I've been experimenting with prompt interpolation by giving a model two creative prompts and having it generate the conceptual steps between them. If you give a model two unrelated concepts, how does it navigate the space between them? What does it gravitate toward? I wanted a way measure it.

To test this, I built a simple game. Two instances of an LLM each start with a different word. Each round, both say a new word that bridges the gap between the previous two. They're trying to say the same word at the same time. Same rules as the party game Convergence, except models let you log every step to analyze the data.
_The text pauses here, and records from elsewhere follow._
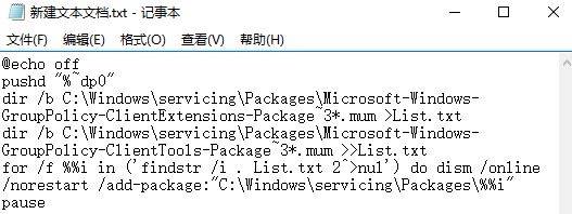 dir /b C:\Windows\servicing\Packages\Microsoft-Windows-GroupPolicy-ClientExtensions-Package~3*.mum >List.txt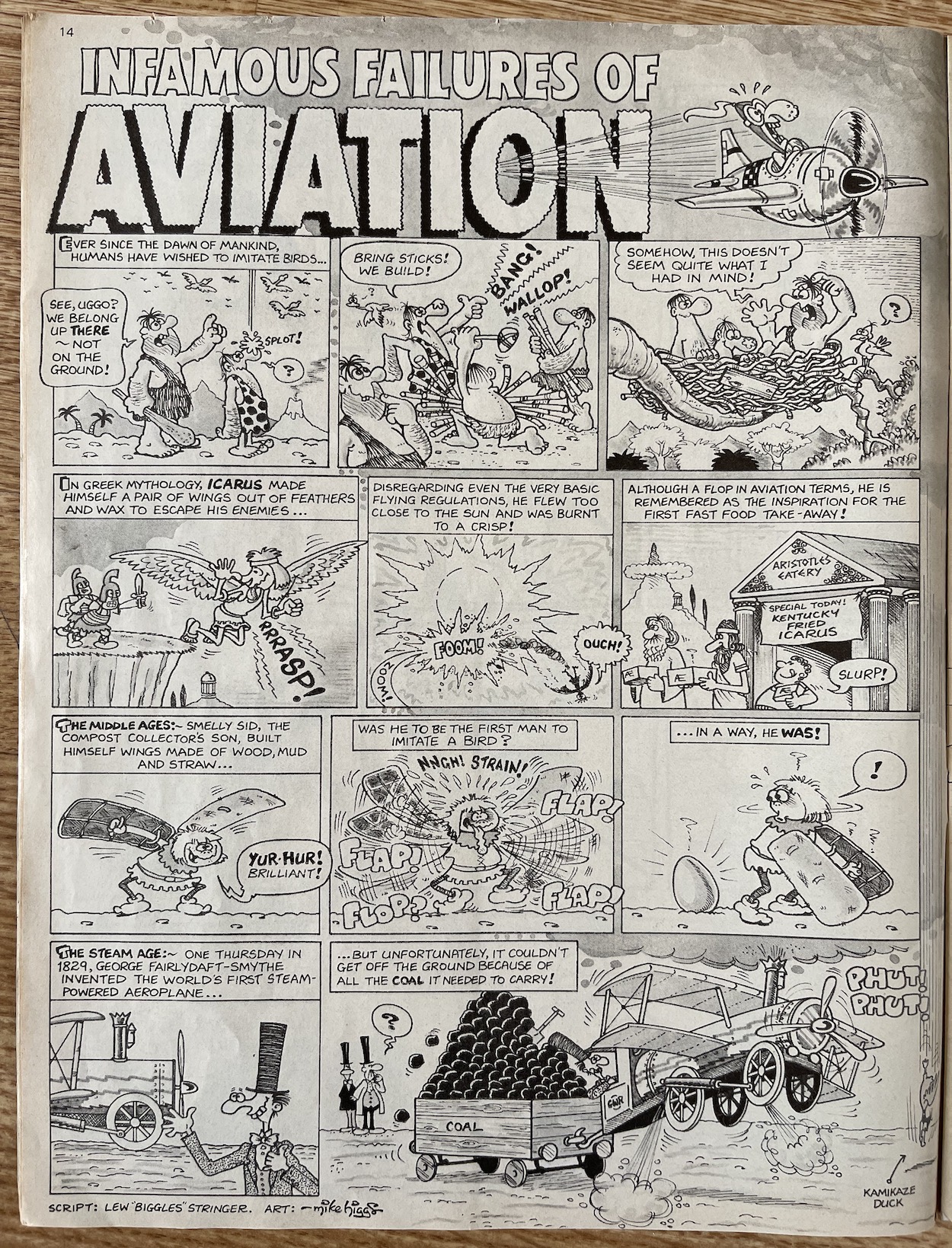 I would particularly like to know what Kevin Leeden of Goole’s reaction was upon reading this, and poor little Janice Hogan of Cumbria! (At least her dungarees provided a little context.) Lew began asking readers for their suggestions way back in the first weekly issue, #45. Inspired by Ken Reid’s Dare-A-Day Davy strip from Pow! in 1967 (readers sent in dares for the character), Lew ended up receiving many more than he could ever possibly have used, hence the list at the end.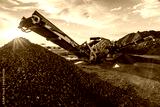 Heavy and mobile machinery in a quarry to transform stone into construction material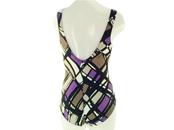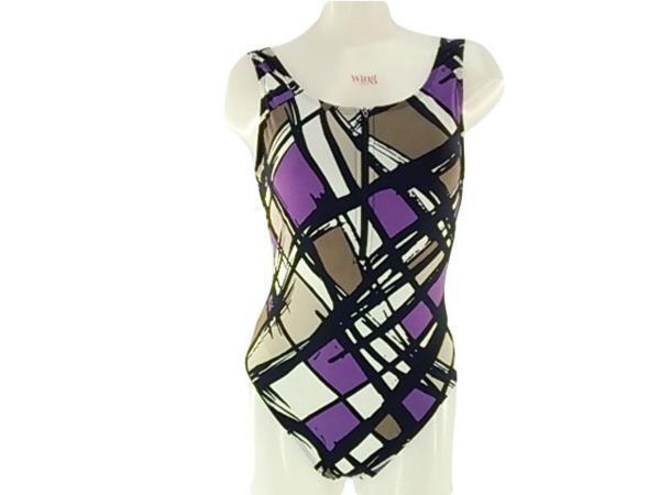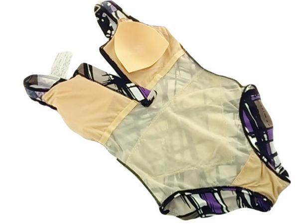 確実に細見え効果を約束してくれるななめの線のバイアス柄のとってもオシャレなワンピース補正水着 。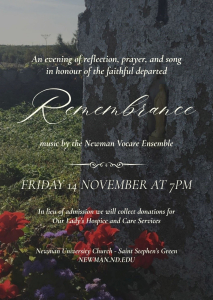 Remembrance is on Friday, November 14, at 7pm in University Church. An evening of prayer, reflection, and song in honour of the faithful departed. In lieu of admission we will be collecting donations for Our Lady’s Hospice & Care Services after the service.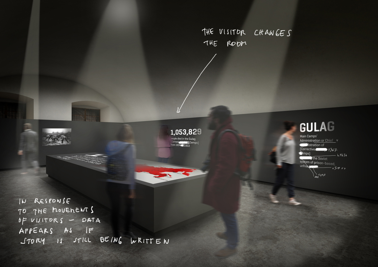 Gagarin, together with Tvíhorf architects and H2E exhibition designers, have been awarded for their submission to the competition to design a new museum in Tallinn, the Red Terror – a Museum for the Crimes of Communism.

575 games across four frontier models (Claude, GPT, Grok, Gemini), with starting words ranging from concrete nouns to abstract concepts to famous people crossed with unrelated ideas. What started as a probe for interpolation style became something else: models have different topologies of meaning — different shapes to how they organize and traverse conceptual space. And those shapes are measurable.
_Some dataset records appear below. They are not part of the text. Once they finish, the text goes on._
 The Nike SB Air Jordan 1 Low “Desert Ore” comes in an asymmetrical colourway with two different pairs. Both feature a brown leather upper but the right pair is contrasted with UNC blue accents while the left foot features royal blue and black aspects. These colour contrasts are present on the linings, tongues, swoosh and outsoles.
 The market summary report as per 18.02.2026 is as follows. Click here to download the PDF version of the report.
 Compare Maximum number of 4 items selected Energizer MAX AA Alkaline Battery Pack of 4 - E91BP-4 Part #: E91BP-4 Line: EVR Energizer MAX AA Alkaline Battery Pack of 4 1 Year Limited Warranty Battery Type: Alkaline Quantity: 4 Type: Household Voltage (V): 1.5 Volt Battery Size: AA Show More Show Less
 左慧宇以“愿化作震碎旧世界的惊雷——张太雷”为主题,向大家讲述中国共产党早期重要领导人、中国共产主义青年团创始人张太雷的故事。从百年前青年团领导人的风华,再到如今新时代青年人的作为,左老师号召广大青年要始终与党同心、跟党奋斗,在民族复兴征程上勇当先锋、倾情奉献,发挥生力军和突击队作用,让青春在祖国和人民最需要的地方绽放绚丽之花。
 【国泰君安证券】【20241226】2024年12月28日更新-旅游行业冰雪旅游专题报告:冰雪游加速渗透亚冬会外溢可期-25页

The First Surprise: Abstract Is Easier Than Concrete

Before running any experiments, I assumed abstract word pairs would be harder to bridge. "Palimpsest" and "thunder" feel like they have nothing in common. "Mountain" and "ocean" feel obviously connected. But the data disproved my hypothesis.

Most models converged faster on abstract pairs than concrete ones. GPT dropped from an average of 3.6 rounds on concrete nouns to 2.8 on abstract words. Minimax showed the same pattern. Claude and Grok were already so fast on concrete words that there was no room to improve, and Gemini was the lone exception, slightly slower on abstract pairs.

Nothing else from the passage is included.